REQUIRED ACTION ▸
Below are the entries to work from; restate word for word the portion that opens with the line containing "El Centro de" and closes with the line containing "Θερμοκρασία, από 6", keeping both.

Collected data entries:
- Opening Delimiter -
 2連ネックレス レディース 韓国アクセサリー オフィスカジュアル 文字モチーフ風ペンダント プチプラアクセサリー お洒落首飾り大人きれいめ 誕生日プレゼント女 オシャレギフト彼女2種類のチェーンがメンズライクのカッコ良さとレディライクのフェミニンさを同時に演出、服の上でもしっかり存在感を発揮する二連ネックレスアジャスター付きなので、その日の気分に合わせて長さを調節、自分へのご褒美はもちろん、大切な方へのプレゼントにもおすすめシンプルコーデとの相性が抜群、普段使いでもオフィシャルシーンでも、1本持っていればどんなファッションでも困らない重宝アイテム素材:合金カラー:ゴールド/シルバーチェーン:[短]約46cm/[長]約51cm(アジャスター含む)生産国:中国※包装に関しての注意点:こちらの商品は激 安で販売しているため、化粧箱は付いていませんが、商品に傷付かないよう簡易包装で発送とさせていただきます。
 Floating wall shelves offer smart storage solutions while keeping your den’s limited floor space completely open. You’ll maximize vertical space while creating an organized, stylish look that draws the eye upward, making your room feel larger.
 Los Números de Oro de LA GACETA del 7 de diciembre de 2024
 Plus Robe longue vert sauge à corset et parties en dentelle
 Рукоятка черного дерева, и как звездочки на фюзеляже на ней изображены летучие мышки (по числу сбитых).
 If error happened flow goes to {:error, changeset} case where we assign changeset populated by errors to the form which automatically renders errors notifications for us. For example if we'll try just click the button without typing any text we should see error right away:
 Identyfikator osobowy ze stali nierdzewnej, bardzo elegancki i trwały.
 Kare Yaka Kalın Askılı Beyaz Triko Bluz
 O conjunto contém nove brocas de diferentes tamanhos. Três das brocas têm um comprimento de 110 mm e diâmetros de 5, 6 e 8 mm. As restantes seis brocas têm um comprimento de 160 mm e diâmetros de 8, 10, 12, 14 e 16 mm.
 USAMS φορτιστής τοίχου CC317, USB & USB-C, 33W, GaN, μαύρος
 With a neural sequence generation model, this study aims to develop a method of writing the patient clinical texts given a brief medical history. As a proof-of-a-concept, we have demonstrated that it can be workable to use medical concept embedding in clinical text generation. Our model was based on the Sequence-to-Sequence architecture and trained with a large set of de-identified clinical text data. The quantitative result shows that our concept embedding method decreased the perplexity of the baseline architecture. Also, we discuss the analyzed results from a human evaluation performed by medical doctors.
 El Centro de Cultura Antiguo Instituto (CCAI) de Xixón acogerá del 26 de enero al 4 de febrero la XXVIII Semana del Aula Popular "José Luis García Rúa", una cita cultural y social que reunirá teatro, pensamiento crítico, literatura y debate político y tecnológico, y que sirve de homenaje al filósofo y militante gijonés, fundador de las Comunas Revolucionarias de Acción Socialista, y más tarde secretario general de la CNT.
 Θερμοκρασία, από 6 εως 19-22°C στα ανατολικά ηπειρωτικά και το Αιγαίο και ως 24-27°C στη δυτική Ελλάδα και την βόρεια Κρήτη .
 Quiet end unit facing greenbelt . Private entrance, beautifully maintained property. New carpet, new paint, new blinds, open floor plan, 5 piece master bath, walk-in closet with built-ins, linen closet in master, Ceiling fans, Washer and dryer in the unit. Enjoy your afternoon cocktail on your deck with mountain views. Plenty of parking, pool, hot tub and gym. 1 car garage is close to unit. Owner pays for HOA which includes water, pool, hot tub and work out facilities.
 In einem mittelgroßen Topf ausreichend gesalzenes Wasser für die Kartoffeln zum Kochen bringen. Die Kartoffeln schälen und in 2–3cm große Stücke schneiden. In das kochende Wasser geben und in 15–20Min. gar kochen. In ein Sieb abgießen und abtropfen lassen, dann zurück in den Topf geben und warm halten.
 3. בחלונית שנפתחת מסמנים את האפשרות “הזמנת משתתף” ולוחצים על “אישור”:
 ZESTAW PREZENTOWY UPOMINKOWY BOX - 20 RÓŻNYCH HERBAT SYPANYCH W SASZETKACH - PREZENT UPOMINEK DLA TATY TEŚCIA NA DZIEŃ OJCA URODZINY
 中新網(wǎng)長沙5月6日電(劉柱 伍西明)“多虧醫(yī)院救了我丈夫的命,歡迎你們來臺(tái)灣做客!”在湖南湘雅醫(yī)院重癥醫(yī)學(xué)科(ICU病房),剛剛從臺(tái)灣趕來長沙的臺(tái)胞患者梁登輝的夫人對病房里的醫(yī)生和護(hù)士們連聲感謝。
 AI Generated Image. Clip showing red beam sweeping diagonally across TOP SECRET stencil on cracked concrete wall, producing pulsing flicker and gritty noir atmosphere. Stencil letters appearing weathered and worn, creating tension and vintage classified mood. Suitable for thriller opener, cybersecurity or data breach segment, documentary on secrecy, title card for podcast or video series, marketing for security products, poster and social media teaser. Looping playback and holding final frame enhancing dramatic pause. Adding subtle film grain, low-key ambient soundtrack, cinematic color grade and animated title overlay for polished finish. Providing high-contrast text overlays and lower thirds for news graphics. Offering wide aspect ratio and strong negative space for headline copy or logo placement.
- Closing Delimiter -
SOLUTION TO THIS TASK ▸
 El Centro de Cultura Antiguo Instituto (CCAI) de Xixón acogerá del 26 de enero al 4 de febrero la XXVIII Semana del Aula Popular "José Luis García Rúa", una cita cultural y social que reunirá teatro, pensamiento crítico, literatura y debate político y tecnológico, y que sirve de homenaje al filósofo y militante gijonés, fundador de las Comunas Revolucionarias de Acción Socialista, y más tarde secretario general de la CNT.
 Θερμοκρασία, από 6 εως 19-22°C στα ανατολικά ηπειρωτικά και το Αιγαίο και ως 24-27°C στη δυτική Ελλάδα και την βόρεια Κρήτη .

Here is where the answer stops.